PROBLEM REQUIREMENTS ▸ Start at the first line below and write out everything verbatim except the pictures.

INPUT RECORDS ▸
------------------------------------------------------------------------
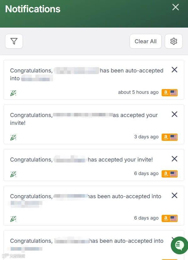 所以我们邀请联盟客的时候还是需要一个个去筛选,不然无脑点邀请的话,就算联盟客加入到我们的账号,质量也不可控。当然很多联盟客也是来者不拒,自动就通过了,摊手。
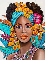 Caribbean uitstraling: Dompel jezelf onder in de levendige schoonheid van dit schilderij met een Caribische vrouw versierd met kleurrijke bloemen en make-up. Een prachtig feest van cultuur en levendigheid.
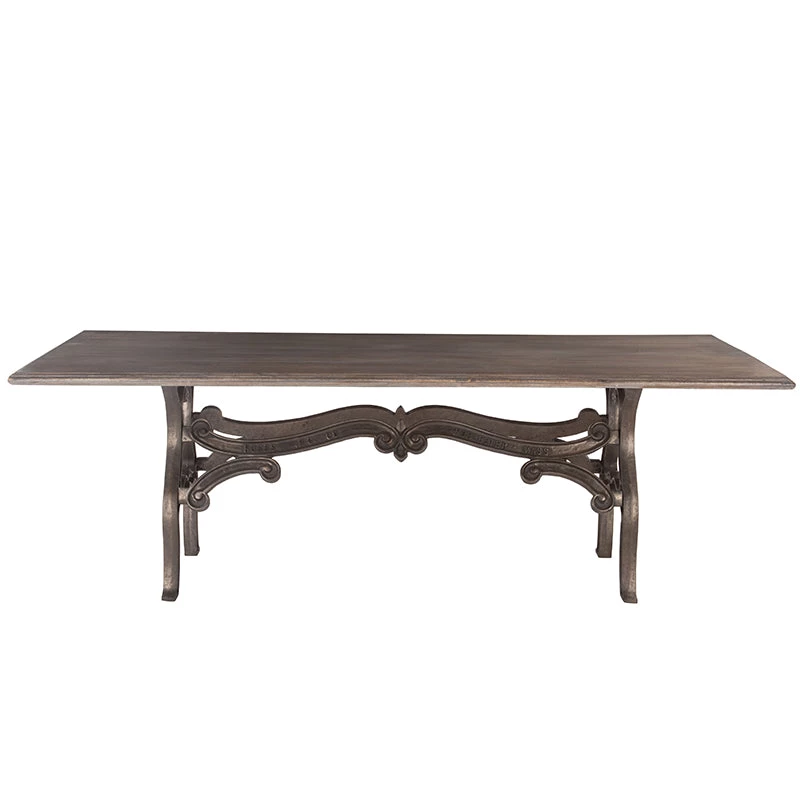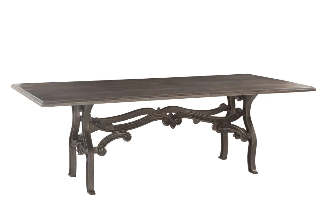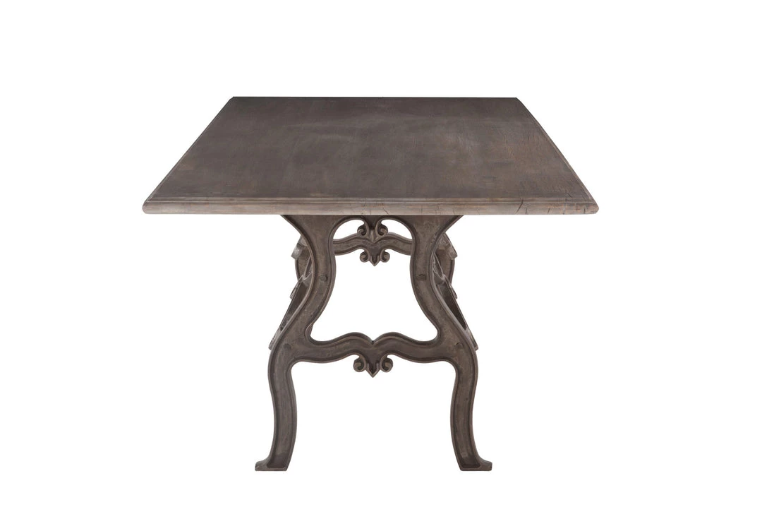 Constructed entirely from eco-friendly, natural and reclaimed materials, this hand-crafted table has a solid reclaimed oak wood table top in a water-based catalyzed, weathered gray finish, and features decorative beveled edges that highlight the reclaimed materials and vintage design. The table top rests atop a vintage-styled decorative base made of reclaimed iron in a beautiful gun metal finish with rivet detailing within the unique yet classic designed stretchers. The vintage industrial design of this dining table pairs perfectly with Nantes collection chairs or benches. Hand-crafted metalwork brings each piece to life, creating visually stunning furniture that will make a lasting impact.
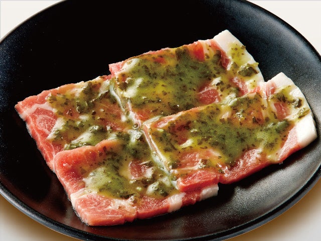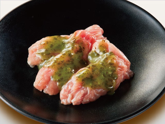 鶏肉の定番「もも肉」をバジルソースと共にお楽しみください。夏にぴったりの爽やかな焼肉です。
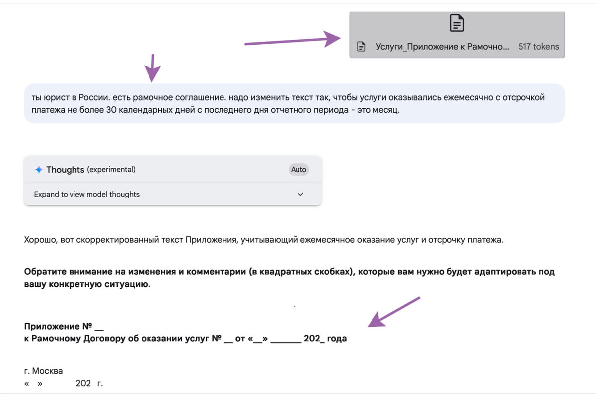 Не все влезло на картинку - мне говорили, что ИИ не заменит юриста и нельзя подменять понятия. Но мы упрямые, как Труфальдино из Бергамо - нам заказчик прислал допик с оплатой услуг за год, взяли его, кинули в Гемини и попросили переписать с оплатой за месяц. И получили готовую редакцию нового соглашения, вполне себе разумную и логичную. А до этого сидели, морщили ум, как изменить формулировки. Мда, юристам хана :) Очень круто выглядит, бесплатно и быстро. Причем ИИ еще расширила допик, детализировала пункты (хоть я не просил). Русский ИТ бизнес
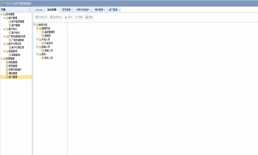 3.可以动态分配权限按钮,分配角色权限,目录结构,栏目的链接都可以修改。权限管理非常灵活
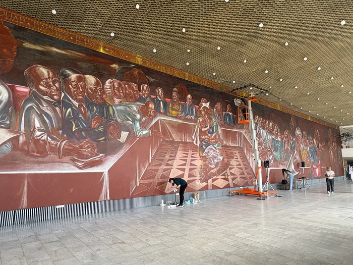 Летом 23 года нами была произведена реставрация монументального произведения в холле известнейшего медицинского института им. Н. И. Пирогова. Подробнее об этих работах можно прочитать в предыдущей статье: здесь
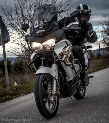 Το μικρό άνοιγμα της ζελατίνας του κράνους μου είναι αρκετό για να αφήσει τις εικόνες, τους ήχους και τις μυρωδιές να εισβάλουν με ορμή, αγκαλιάζοντας την ψυχή και το μυαλό μου — παρασύροντας όλα τα «πρέπει» και τα «φαίνεσθαι» μιας μίζερης καθημερινότητας.
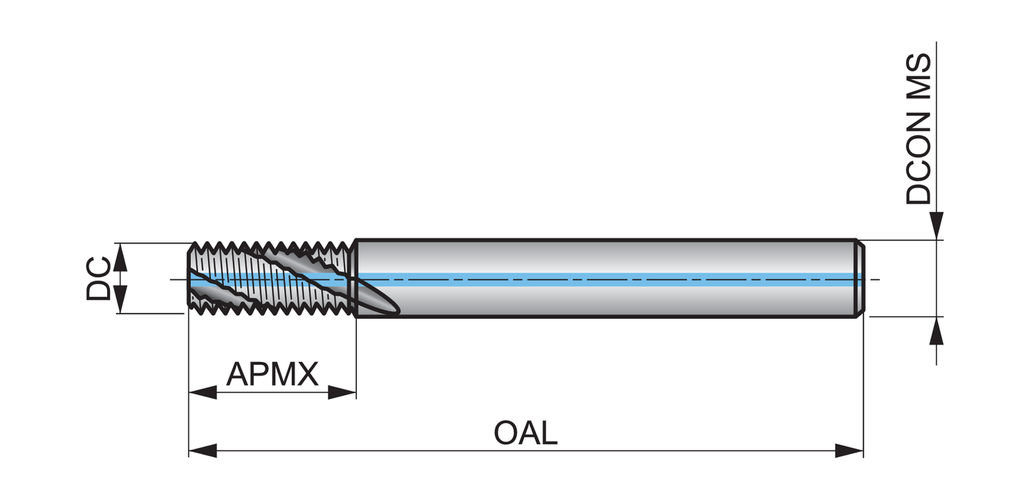 Thread milling cutter, for ISO-Metric thread = M12 with 1.75 mm pitch, dimensions according to DORMER standard with 3 flutes, 9.5mm cutting diameter and 10mm parallel shank according to DIN 6535 HA, solid carbide with Alcrona Pro coating, through coolant holes and 27° helix angle for milling a maximum of 26.25mm long right or left hand internal thread in steel and cast steel, stainless steel, cast-iron, non-ferrous metals, titanium or titanium alloys, chilled cast-iron
------------------------------------------------------------------------
WORKED SOLUTION ▸
 所以我们邀请联盟客的时候还是需要一个个去筛选,不然无脑点邀请的话,就算联盟客加入到我们的账号,质量也不可控。当然很多联盟客也是来者不拒,自动就通过了,摊手。
 Caribbean uitstraling: Dompel jezelf onder in de levendige schoonheid van dit schilderij met een Caribische vrouw versierd met kleurrijke bloemen en make-up. Een prachtig feest van cultuur en levendigheid.
 Constructed entirely from eco-friendly, natural and reclaimed materials, this hand-crafted table has a solid reclaimed oak wood table top in a water-based catalyzed, weathered gray finish, and features decorative beveled edges that highlight the reclaimed materials and vintage design. The table top rests atop a vintage-styled decorative base made of reclaimed iron in a beautiful gun metal finish with rivet detailing within the unique yet classic designed stretchers. The vintage industrial design of this dining table pairs perfectly with Nantes collection chairs or benches. Hand-crafted metalwork brings each piece to life, creating visually stunning furniture that will make a lasting impact.
 鶏肉の定番「もも肉」をバジルソースと共にお楽しみください。夏にぴったりの爽やかな焼肉です。
 Не все влезло на картинку - мне говорили, что ИИ не заменит юриста и нельзя подменять понятия. Но мы упрямые, как Труфальдино из Бергамо - нам заказчик прислал допик с оплатой услуг за год, взяли его, кинули в Гемини и попросили переписать с оплатой за месяц. И получили готовую редакцию нового соглашения, вполне себе разумную и логичную. А до этого сидели, морщили ум, как изменить формулировки. Мда, юристам хана :) Очень круто выглядит, бесплатно и быстро. Причем ИИ еще расширила допик, детализировала пункты (хоть я не просил). Русский ИТ бизнес
 3.可以动态分配权限按钮,分配角色权限,目录结构,栏目的链接都可以修改。权限管理非常灵活
 Летом 23 года нами была произведена реставрация монументального произведения в холле известнейшего медицинского института им. Н. И. Пирогова. Подробнее об этих работах можно прочитать в предыдущей статье: здесь
 Το μικρό άνοιγμα της ζελατίνας του κράνους μου είναι αρκετό για να αφήσει τις εικόνες, τους ήχους και τις μυρωδιές να εισβάλουν με ορμή, αγκαλιάζοντας την ψυχή και το μυαλό μου — παρασύροντας όλα τα «πρέπει» και τα «φαίνεσθαι» μιας μίζερης καθημερινότητας.
 Thread milling cutter, for ISO-Metric thread = M12 with 1.75 mm pitch, dimensions according to DORMER standard with 3 flutes, 9.5mm cutting diameter and 10mm parallel shank according to DIN 6535 HA, solid carbide with Alcrona Pro coating, through coolant holes and 27° helix angle for milling a maximum of 26.25mm long right or left hand internal thread in steel and cast steel, stainless steel, cast-iron, non-ferrous metals, titanium or titanium alloys, chilled cast-iron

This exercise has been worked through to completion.